Я сижу в комнате и слушаю все те страшные вещи, о которых говорит Кеннеди. И представляю себя на ее месте. Ее голос убаюкивает. Мне начинает казаться, что я там, с ней.

Мокну под ливнем. Слышу раскаты грома. Вижу, как над домом сверкают молнии.

– Я стояла у забора, на самой границе нашего участка. В комнате Элиота светилось окно. Больше в темноте ничего не было видно. Молнии сверкали совсем близко, а мне не хотелось, чтобы меня убило, пока я буду бежать домой. Правда, с таким же успехом молния могла ударить в меня, пока я топчусь у забора. Поэтому я решила, что сразу после следующей вспышки рвану домой. И тут услышала грохот – он прозвучал очень близко и не был похож на гром. Я посчитала от трех до одного – и побежала.

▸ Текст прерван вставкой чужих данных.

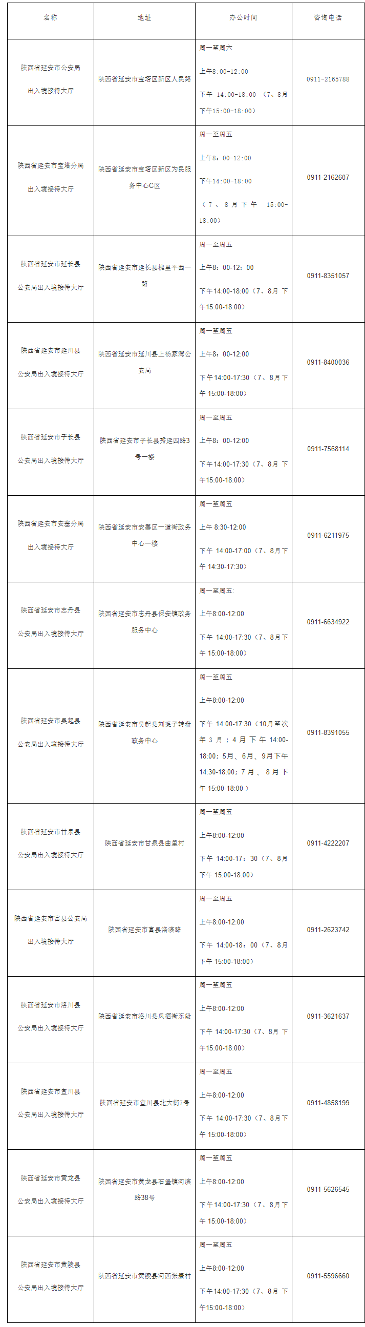 延安市辖区各出入境办事大厅地址和咨询电话大全表: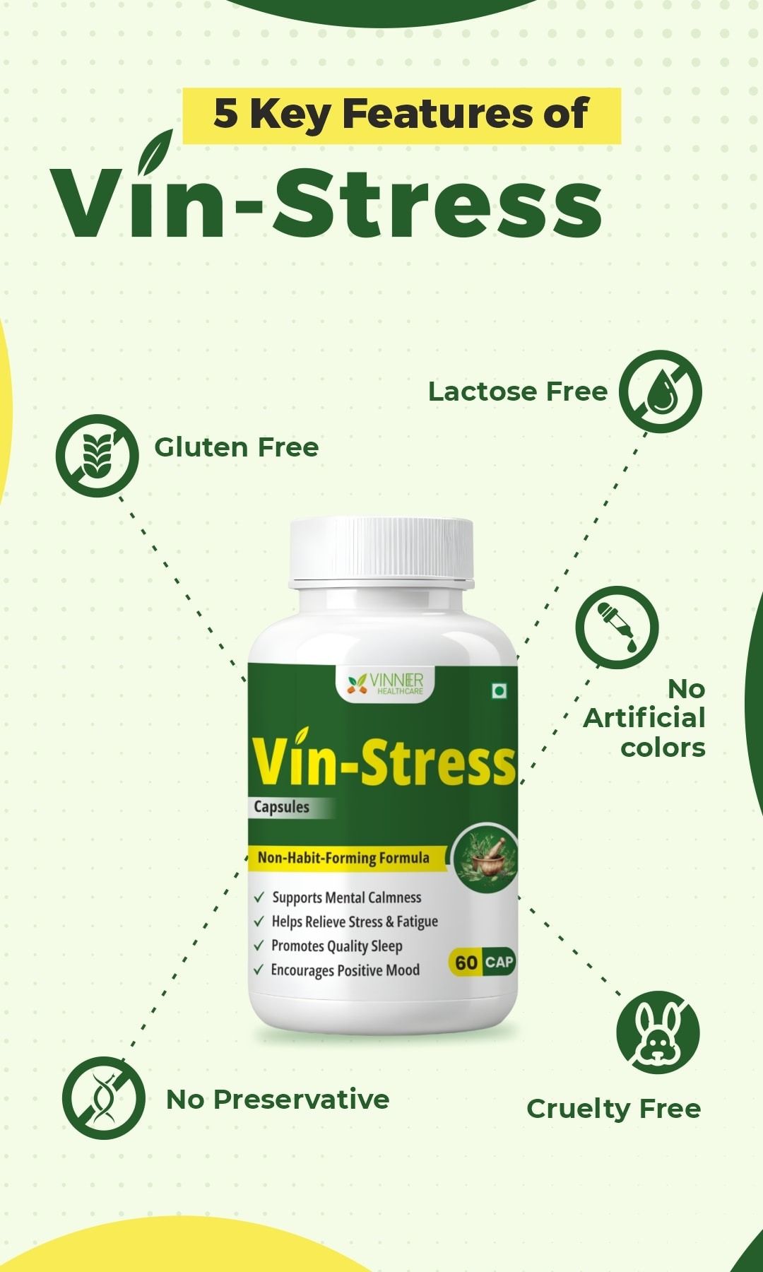 Vin-Stress is manufactured in a GMP-certified facility with ISO standards, ensuring purity, potency, and safety. Each batch is lab-tested and free from heavy metals or harmful chemicals.

Открываю глаза – Кеннеди смотрит прямо на меня. «Я посчитала от трех до одного», – говорит она, а у меня внутри странное чувство. «Три, два, один!» – слышу я, и дыхание перехватывает. Это же периодичность сигнала. Мы ошиблись: число пи ни при чем, формулы окружности ни при чем, попытки связаться с нами посредством математики – ни при чем. Всего лишь обратный отсчет. Три, два, один.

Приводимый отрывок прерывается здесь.